| Provided material |
- Opening Delimiter -
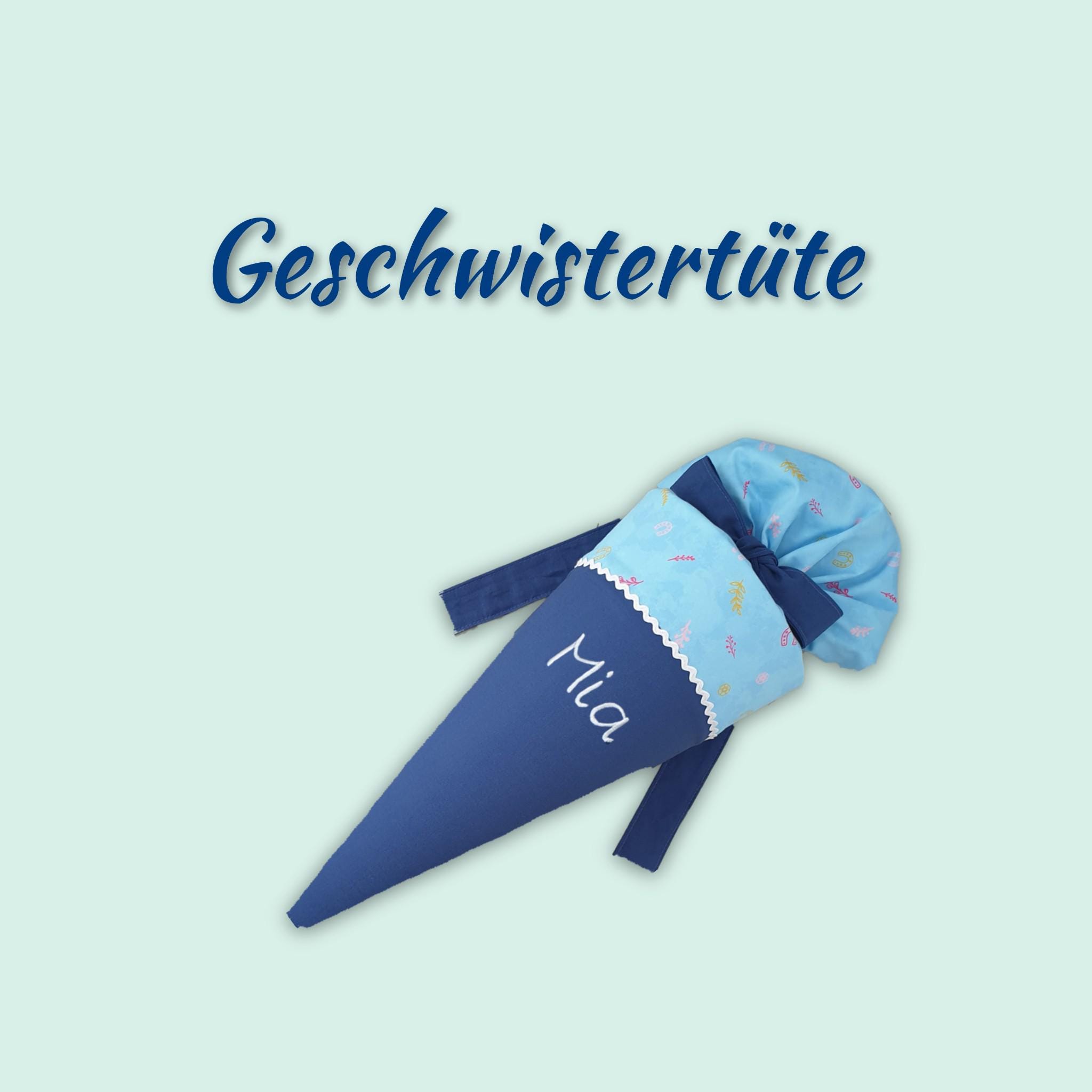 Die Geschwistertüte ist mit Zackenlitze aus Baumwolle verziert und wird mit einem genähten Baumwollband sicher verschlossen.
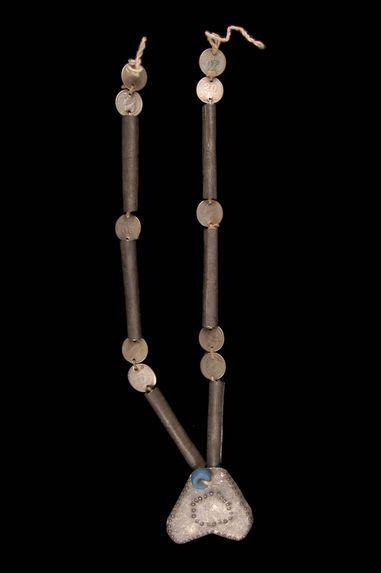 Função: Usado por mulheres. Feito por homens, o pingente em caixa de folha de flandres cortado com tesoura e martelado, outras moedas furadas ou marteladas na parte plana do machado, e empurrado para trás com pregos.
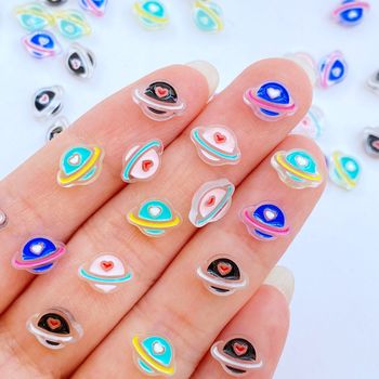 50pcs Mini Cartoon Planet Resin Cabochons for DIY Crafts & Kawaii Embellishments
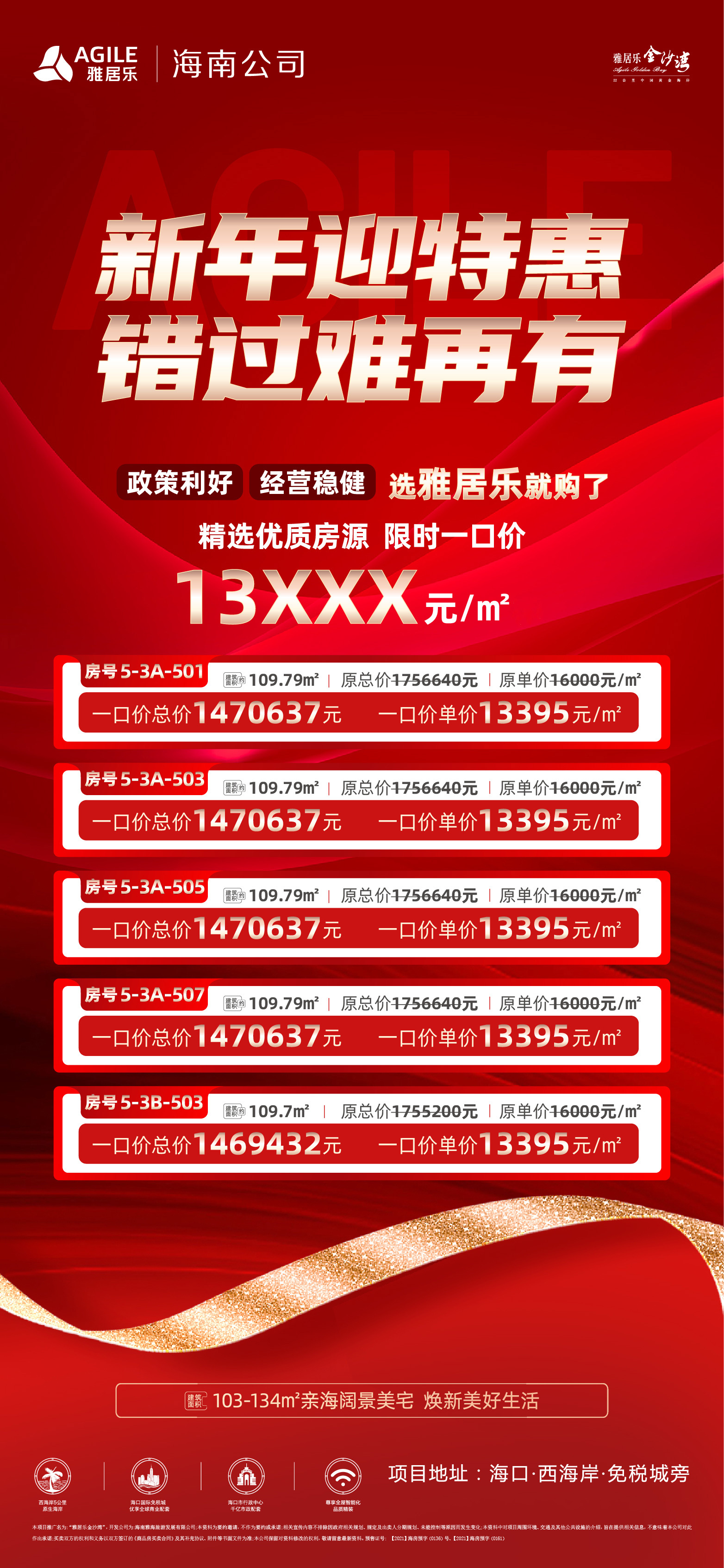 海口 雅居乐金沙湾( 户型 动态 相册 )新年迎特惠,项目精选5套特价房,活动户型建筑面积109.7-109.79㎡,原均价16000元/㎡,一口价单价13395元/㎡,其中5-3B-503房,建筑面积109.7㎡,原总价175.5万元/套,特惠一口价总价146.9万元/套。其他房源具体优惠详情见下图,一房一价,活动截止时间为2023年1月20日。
- Closing Delimiter -
- Opening Delimiter -
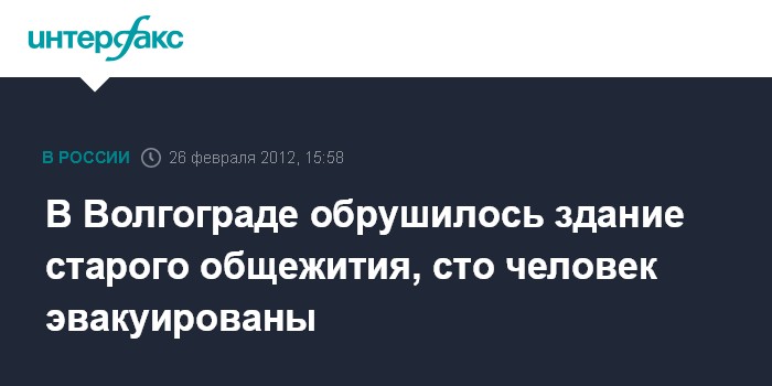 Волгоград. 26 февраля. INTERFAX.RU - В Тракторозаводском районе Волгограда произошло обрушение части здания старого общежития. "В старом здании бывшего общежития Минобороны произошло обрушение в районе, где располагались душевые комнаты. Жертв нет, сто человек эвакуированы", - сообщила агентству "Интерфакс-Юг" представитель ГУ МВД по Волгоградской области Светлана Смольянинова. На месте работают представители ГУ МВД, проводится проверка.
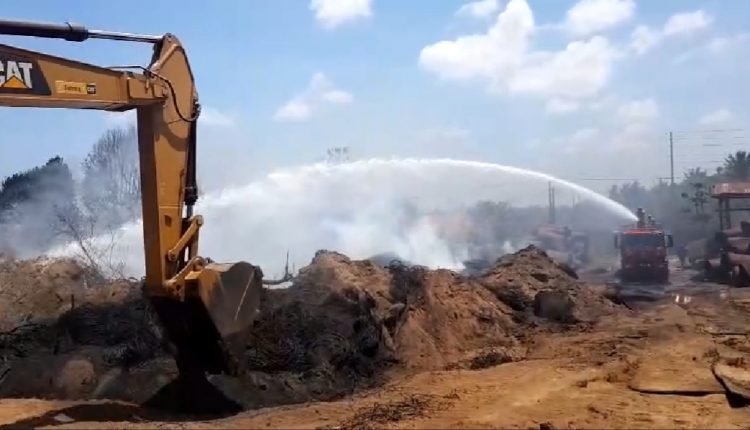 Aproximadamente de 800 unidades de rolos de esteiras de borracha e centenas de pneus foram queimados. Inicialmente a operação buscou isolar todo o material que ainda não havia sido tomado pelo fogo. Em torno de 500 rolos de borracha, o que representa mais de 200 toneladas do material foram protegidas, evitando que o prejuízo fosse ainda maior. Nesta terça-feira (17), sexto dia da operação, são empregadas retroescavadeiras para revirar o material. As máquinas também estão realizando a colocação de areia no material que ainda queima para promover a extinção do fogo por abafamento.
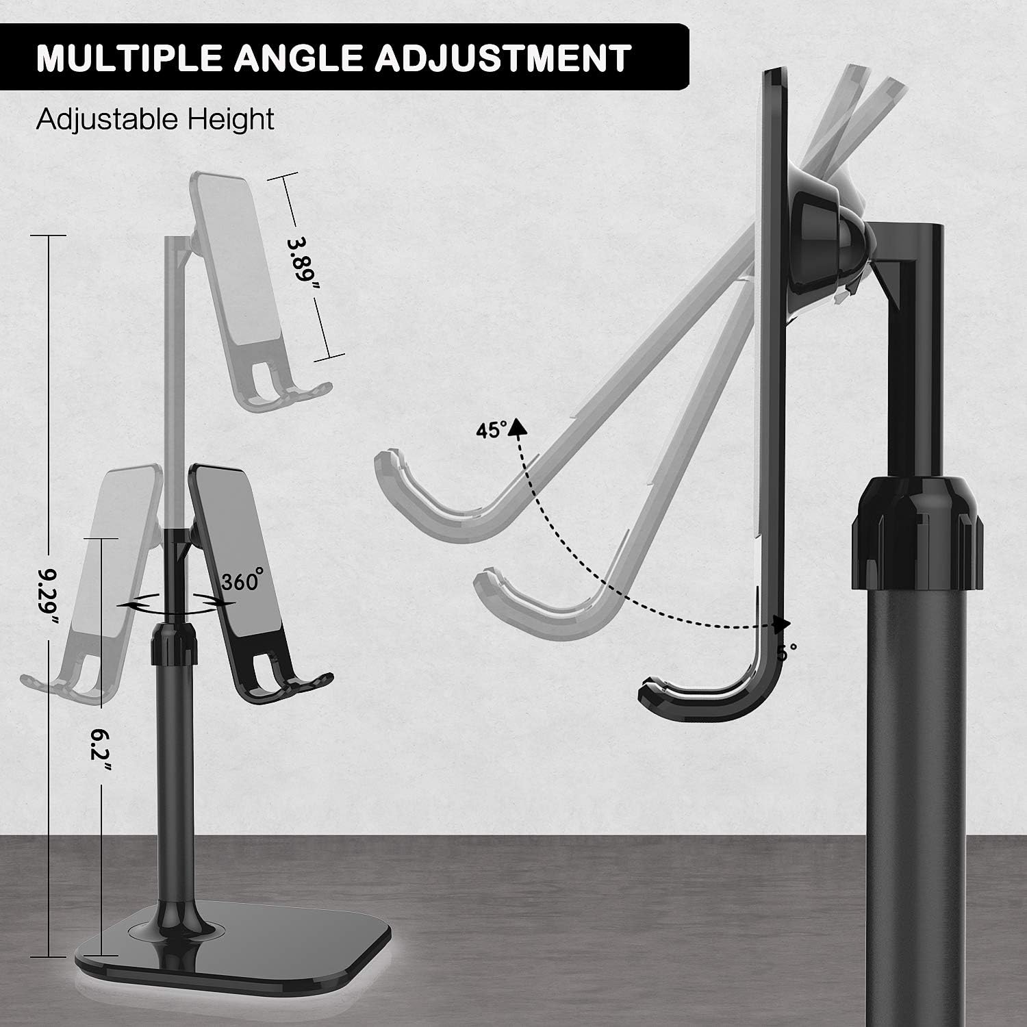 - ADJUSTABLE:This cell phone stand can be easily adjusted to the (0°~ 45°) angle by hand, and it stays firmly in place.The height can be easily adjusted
- Closing Delimiter -
| Prompt |
Here the job is to copy the listing above word for word, starting at the line with "Волгоград. 26 февраля." and ending at the line with "Aproximadamente de 800", and to leave out the pictures.

| Problem solution |
 Волгоград. 26 февраля. INTERFAX.RU - В Тракторозаводском районе Волгограда произошло обрушение части здания старого общежития. "В старом здании бывшего общежития Минобороны произошло обрушение в районе, где располагались душевые комнаты. Жертв нет, сто человек эвакуированы", - сообщила агентству "Интерфакс-Юг" представитель ГУ МВД по Волгоградской области Светлана Смольянинова. На месте работают представители ГУ МВД, проводится проверка.
 Aproximadamente de 800 unidades de rolos de esteiras de borracha e centenas de pneus foram queimados. Inicialmente a operação buscou isolar todo o material que ainda não havia sido tomado pelo fogo. Em torno de 500 rolos de borracha, o que representa mais de 200 toneladas do material foram protegidas, evitando que o prejuízo fosse ainda maior. Nesta terça-feira (17), sexto dia da operação, são empregadas retroescavadeiras para revirar o material. As máquinas também estão realizando a colocação de areia no material que ainda queima para promover a extinção do fogo por abafamento.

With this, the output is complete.